'Gone Girl' Poster Reveals Amy Dunne's Angelic Eyes Watching Over A 'Creepy' Nick Dunne (PHOTO/TRAILER)

Director David Fincher’s “Gone Girl” adaptation has released a new poster for the film, adding a little more mystery to the thriller.

The film starring Ben Affleck (Nick Dunne) and Rosamund Pike (Amy Dunne) is about a husband whose life turns upside-down after his wife goes missing on their fifth wedding anniversary.

Nick quickly turns into the main suspect, but Amy’s husband is adamant he had nothing to do with her disappearance. As Nick attempts to prove his innocence, he finds out there may be more to his wife’s alleged kidnapping as things are not what they seem.

“Gone Girl” is set to open in theaters on Oct. 3, but the film will premiere during the New York Film Festival on Sept. 26. Author Gillian Flynn recently spoke about the process of adapting her hit novel onto the big screen to Film Society.
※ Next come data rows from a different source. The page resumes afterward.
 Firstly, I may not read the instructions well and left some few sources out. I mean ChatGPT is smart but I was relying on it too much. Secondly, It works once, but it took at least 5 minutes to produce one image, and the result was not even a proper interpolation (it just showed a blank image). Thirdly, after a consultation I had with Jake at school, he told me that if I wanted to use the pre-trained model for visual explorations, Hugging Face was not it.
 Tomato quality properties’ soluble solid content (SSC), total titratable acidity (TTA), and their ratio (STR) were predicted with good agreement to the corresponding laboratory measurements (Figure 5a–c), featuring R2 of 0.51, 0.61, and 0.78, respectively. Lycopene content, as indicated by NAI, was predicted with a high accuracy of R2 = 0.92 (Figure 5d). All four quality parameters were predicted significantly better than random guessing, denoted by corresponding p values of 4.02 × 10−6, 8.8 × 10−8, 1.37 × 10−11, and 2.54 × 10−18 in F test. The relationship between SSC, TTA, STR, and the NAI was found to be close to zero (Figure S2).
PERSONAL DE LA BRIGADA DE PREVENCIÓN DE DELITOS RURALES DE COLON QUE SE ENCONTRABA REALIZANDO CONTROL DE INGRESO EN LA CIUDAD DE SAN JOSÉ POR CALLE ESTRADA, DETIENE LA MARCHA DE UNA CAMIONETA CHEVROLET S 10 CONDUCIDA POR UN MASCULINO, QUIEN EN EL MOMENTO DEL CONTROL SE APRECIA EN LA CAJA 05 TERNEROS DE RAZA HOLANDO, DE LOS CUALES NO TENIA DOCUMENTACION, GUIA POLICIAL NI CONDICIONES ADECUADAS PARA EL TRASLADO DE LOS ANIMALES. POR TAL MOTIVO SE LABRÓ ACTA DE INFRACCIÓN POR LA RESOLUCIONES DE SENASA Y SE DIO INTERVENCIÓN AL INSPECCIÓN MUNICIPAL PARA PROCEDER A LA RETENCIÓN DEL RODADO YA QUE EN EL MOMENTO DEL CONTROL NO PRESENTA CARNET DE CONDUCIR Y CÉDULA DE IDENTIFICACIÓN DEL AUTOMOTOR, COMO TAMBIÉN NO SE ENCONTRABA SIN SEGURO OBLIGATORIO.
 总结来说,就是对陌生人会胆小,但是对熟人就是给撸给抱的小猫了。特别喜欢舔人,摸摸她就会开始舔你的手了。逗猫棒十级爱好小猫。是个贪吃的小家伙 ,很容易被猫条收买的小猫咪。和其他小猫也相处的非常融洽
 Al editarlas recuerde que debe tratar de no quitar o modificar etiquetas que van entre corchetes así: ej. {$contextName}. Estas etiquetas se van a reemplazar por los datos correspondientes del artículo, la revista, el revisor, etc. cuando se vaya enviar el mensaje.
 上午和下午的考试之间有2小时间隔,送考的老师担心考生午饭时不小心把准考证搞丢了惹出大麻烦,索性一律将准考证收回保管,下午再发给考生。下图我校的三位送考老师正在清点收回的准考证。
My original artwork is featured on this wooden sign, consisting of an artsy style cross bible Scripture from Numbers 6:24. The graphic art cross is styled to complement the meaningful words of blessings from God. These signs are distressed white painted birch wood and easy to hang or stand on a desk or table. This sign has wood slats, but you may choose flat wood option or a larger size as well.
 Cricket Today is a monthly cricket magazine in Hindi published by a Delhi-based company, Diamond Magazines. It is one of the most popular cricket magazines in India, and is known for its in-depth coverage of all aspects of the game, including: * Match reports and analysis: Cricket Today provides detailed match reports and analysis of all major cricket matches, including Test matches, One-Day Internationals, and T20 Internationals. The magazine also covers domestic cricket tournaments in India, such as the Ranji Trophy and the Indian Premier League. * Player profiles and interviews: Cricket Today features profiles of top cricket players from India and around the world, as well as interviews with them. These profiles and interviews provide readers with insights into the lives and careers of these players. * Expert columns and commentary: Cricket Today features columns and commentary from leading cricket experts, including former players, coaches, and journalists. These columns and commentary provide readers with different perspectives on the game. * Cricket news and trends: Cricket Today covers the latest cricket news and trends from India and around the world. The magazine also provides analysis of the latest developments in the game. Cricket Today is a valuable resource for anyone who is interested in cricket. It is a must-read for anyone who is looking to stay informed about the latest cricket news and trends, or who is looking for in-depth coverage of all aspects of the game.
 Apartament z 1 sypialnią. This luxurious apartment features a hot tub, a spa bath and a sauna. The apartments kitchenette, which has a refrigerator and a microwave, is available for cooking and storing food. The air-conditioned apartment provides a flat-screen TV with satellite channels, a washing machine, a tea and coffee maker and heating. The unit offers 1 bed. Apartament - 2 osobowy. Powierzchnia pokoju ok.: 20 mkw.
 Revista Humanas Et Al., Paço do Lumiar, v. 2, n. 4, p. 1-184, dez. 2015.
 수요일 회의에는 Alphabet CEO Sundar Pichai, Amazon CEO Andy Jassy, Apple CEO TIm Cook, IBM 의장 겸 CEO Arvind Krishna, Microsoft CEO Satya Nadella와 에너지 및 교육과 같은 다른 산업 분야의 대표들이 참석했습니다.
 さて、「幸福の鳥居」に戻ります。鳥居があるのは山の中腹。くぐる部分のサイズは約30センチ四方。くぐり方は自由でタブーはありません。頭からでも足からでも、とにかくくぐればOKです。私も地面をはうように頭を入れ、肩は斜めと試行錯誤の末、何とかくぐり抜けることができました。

Flynn was a newcomer to the script writing process, but had always been interested in film. According to Hit Fix, her father was a film professor who encouraged her interest in the craft. However, the adaptation process proved to be especially challenging for “Gone Girl.”

“The structure of the book poses particular challenges for adaptation,” Flynn told Film Society. “It's a very interior novel and plays a lot with time and chronology. It isn't a book you necessarily read and then think you can just slap it onto a movie screen. I had to take a step back and disassemble the book and put it back together again. To me that was part of the fun. It took on a second life.”

Flynn also admitted she wants couples to see the “Gone Girl” together, but it’s not because she wants to capitalize on “date night.”

“My fondest dream is that it will be the date movie that breaks up couples nationwide,” the author told Film Society. “Maybe people will walk out of there and think, ‘Maybe not. I don't know if I know you well enough…’ The movie is about how well you can possibly know one another.

“We're so steeped in pop culture and so steeped in different roles. How can you possibly combine with another person and have that truth exist in a relationship. The [story] definitely plays off of that idea.”